**EXERCISE REQUIREMENTS**
No picture should appear in the copy. Transcribe exactly, and only, the lines from the one with "プリーツの大きな襟がポイント" through the last line of the data below.

Items listed in a dataset:
§ §
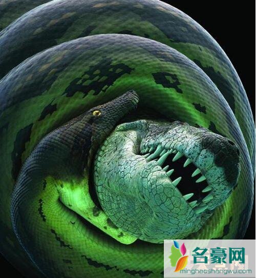 泰坦蟒相当于是巨型放大版的现代蟒蛇,它们多生活在水里,多数时候游离在水边,常常趁它的邻居crocodilyform鳄不注意的时候缠住这种鳄鱼的身体,让这个这个2米多的“小家伙”窒息而死,随后再将其吃掉...这种关系一直绵延至今,如今的蛇与鳄的后代的关系依旧是交锋行为不断!
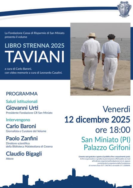 Venerdì 12 dicembre 2025, alle ore 18:00 presso Palazzo Grifoni a San Miniato (PI), la Fondazione Cassa di Risparmio di San Miniato presenterà il Libro Strenna 2025 “TAVIANI”, a cura di Carlo Baroni con video memorie a cura di Leonardo Casalini. Introduce il Presidente della Fondazione CR San Miniato, Giovanni Urti. Interverranno Carlo Baroni, giornalista e curatore del volume, Paolo Zanfini, Direttore scientifico della Biblioteca Malatestiana di Cesena e, Claudio Bigagli, attore.
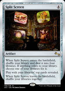 这张牌把你的牌库分成四堆,所以插画也展示了 S.N.E.A.K. 探员正在观看着萤幕。一个萤幕是被咬过的樱桃派,一个是鬼怪的库房,有着炸弹的洞而非弦月。一个是应该要正看着萤幕的探员正在睡觉,最后一个是细微内容之死,作为这张插图自我引用的笑话。
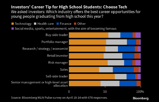 接受最新调查的678人表示,尽管近期Meta Platforms Inc.、亚马逊和Alphabet Inc.纷纷裁员,但对即将成年的学生来说,科技行业仍是最佳的从业选择。在数字平台和人工智能(AI)影响力日益强大的世界里,拥有科技头脑变得愈发重要。
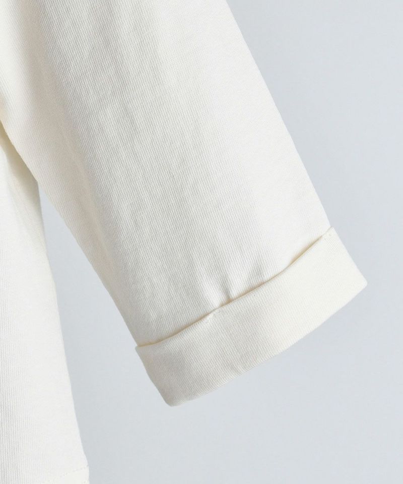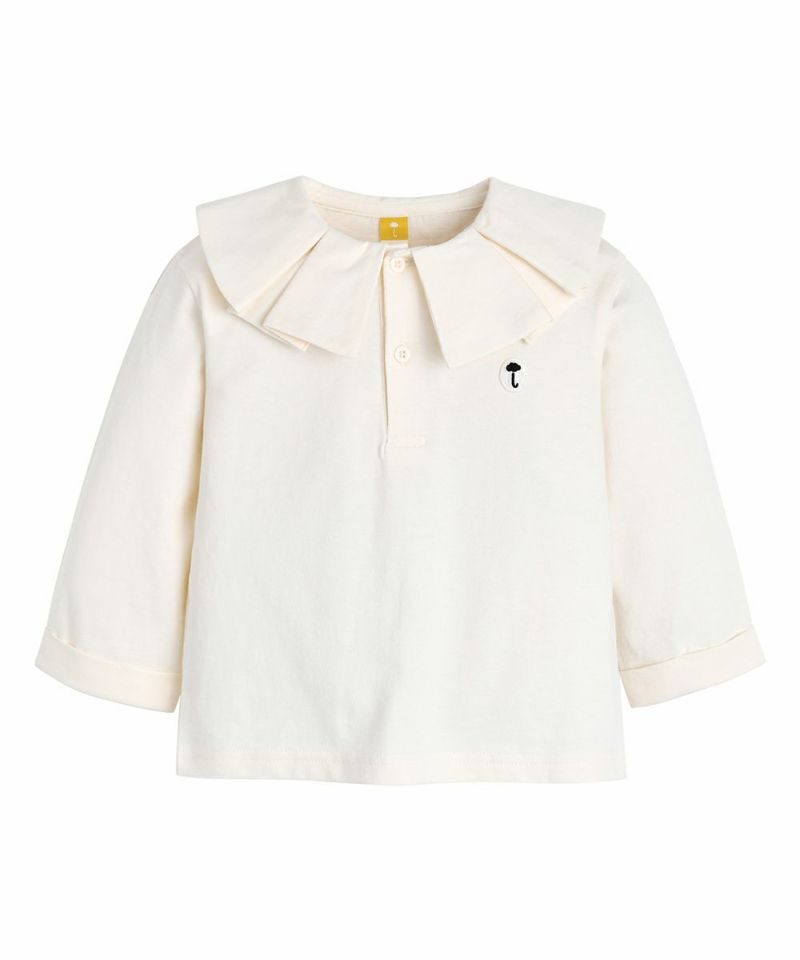 プリーツの大きな襟がポイントのTシャツ。ノーカラーアウターとの組み合わせがおすすめです。
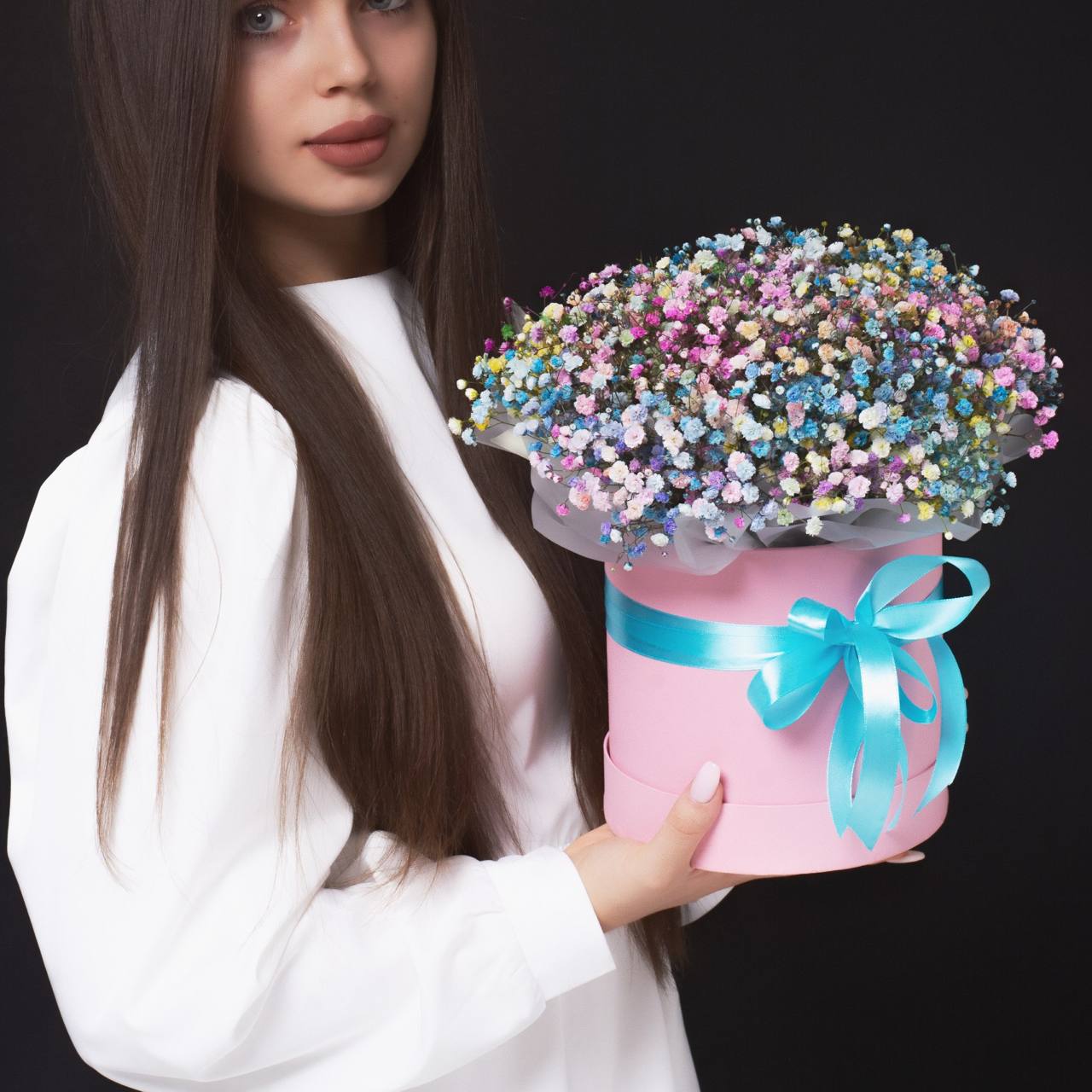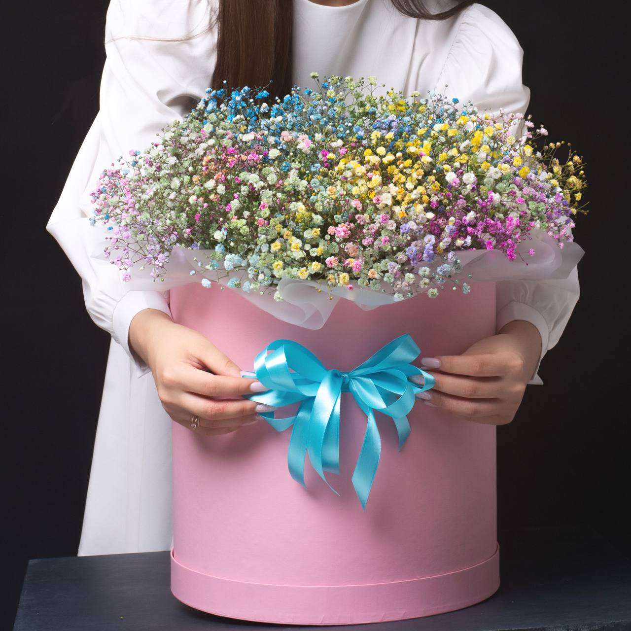 Цвет коробки и гипсофилы подбирается из наличия.
§ §
**WRITTEN ANSWER**
 プリーツの大きな襟がポイントのTシャツ。ノーカラーアウターとの組み合わせがおすすめです。
 Цвет коробки и гипсофилы подбирается из наличия.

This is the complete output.